Aos recessos escuros da terra e às deidades que neles habitam as oferendas devem ser feitas em libação, junto à tumba ou a objetos que tenham sido muito queridos ao morto e com ele tenham estado em frequente contato ou mesmo junto a partes de seu corpo.

O morto deve ser chamado pelo nome e apelidos (pelo/a ritualista e assistentes, se houver), mencionando-se brevemente realizações importantes de sua vida terrena e seus entes queridos que permanecem neste mundo (somente o/a ritualista).

Os poderes que guiam as almas em sua viagem ao outro mundo devem ser invocados, bem como Litauis, a ampla Terra que estende seus domínio sobre o Reino da Noite, e Lugus, o Senhor de Todos os Caminhos (pelo/a ritualista e assistentes). Deve-se solicitar respeitosamente ao Reino dos Mortos que abra suas portas a fim de que a alma sozinha, sem nenhuma companhia indesejada, possa atravessar o Rio Escuro e a distância que a separam de nós (pelo/a ritualista).

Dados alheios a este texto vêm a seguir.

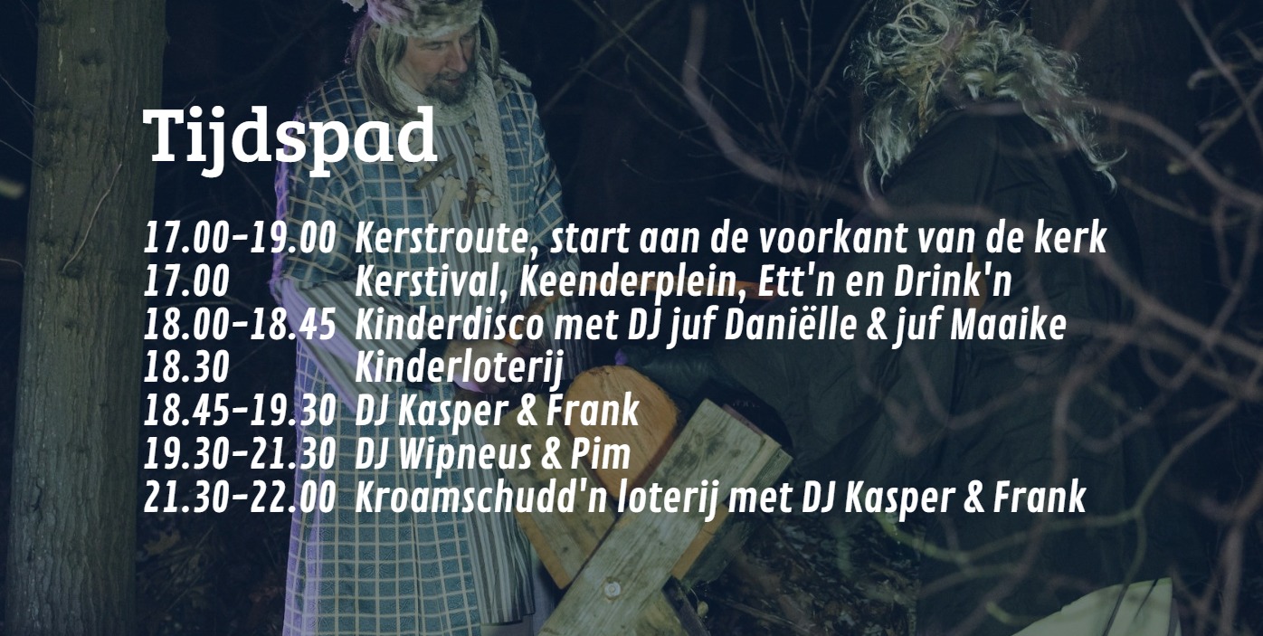 Dus trek je warme jas aan, kom naar Kroamschudd’n in Hengevelde en laat je buik én je hart vullen met gezelligheid. Dit jaar hebben we een menu om je vingers bij af te likken: patat, broodje hamburger of braadworst, snert, oliebollen en natuurlijk glühwein.

Quando a sombra se manifestar, qualquer pergunta cuja resposta se deseje deve ser feita de forma breve e objetiva. O morto não deve ser interrompido durante sua resposta. Caso maiores esclarecimentos sejam necessários, deve-se explicar o motivo, sempre com brevidade e objetividade.

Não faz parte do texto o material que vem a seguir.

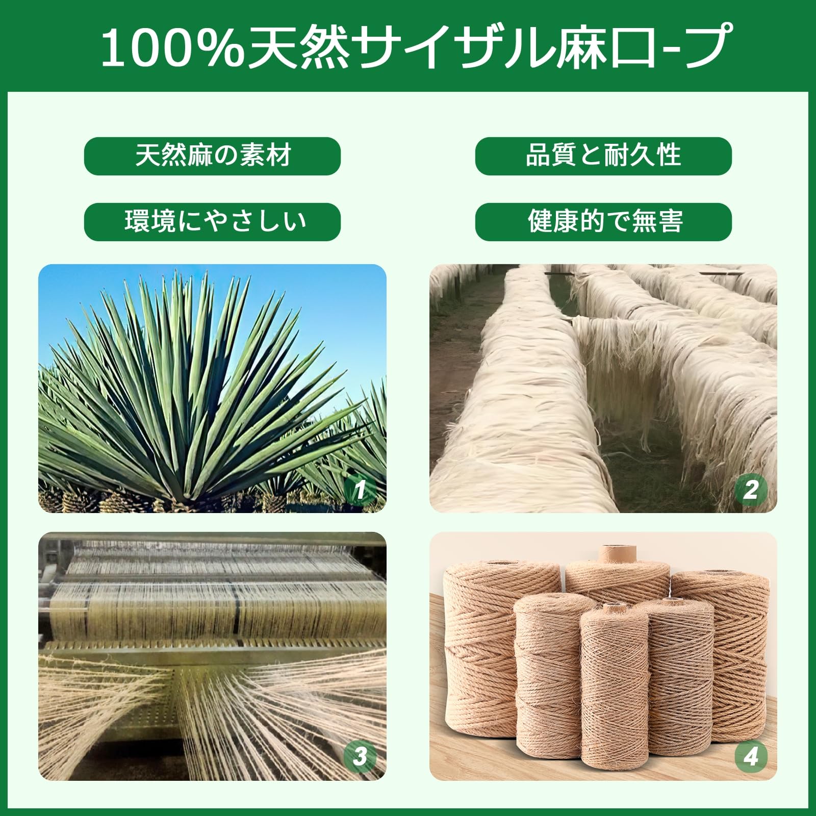 【天然素材】天然麻を採用して作られた麻ひもは環境に優しくて非毒性で分解できて、摩耗性が優れます、ペットと子供がいる家庭も安心にお使えます。天然麻素材は丈夫、100%品質合格で再利用も可能です。

Esse contato exige muito dos vivos e do morto e não deve ser prolongado além do imprescindível. Se você está com saudade e sofrendo por alguém que atravessou o rio, esse NÃO é o caminho. Viva com a sua dor. A dor faz parte da vida. Todos perdem entes queridos e a dor que você hoje sente é a mesma que no futuro causará a outros.

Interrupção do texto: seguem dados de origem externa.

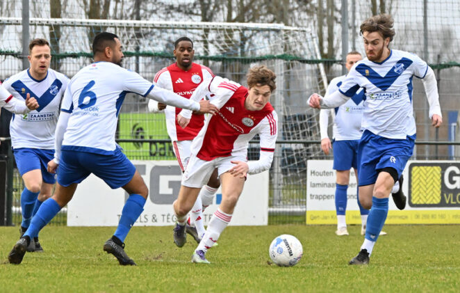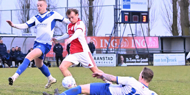 Eigenlijk was het Jordi Wigman namens Saenden die halverwege het startsein gaf om de wedstrijd nóg energieker aan te pakken. De spits zag Jesper van der Mark iets te ver voor zijn doel staan, maar ternauwernood kon de ervaren doelman de bal op het laatste moment nog over tikken. Vanaf dat moment denderde Ajax over Saenden heen en binnen een tijdsbestek van negen minuten stond het opeens 0-4.

Quando o procedimento estiver encerrado, cortesmente agradeça à alma por sua presença e convide-a a voltar aos reinos inferiores, junto aos deuses e ancestrais, o lugar a que ela pertence. Lembre-se de que você não é nada para dar ordens aos mortos e menos ainda aos deuses, estejam eles em Andedumnon, Bitus ou Albiion.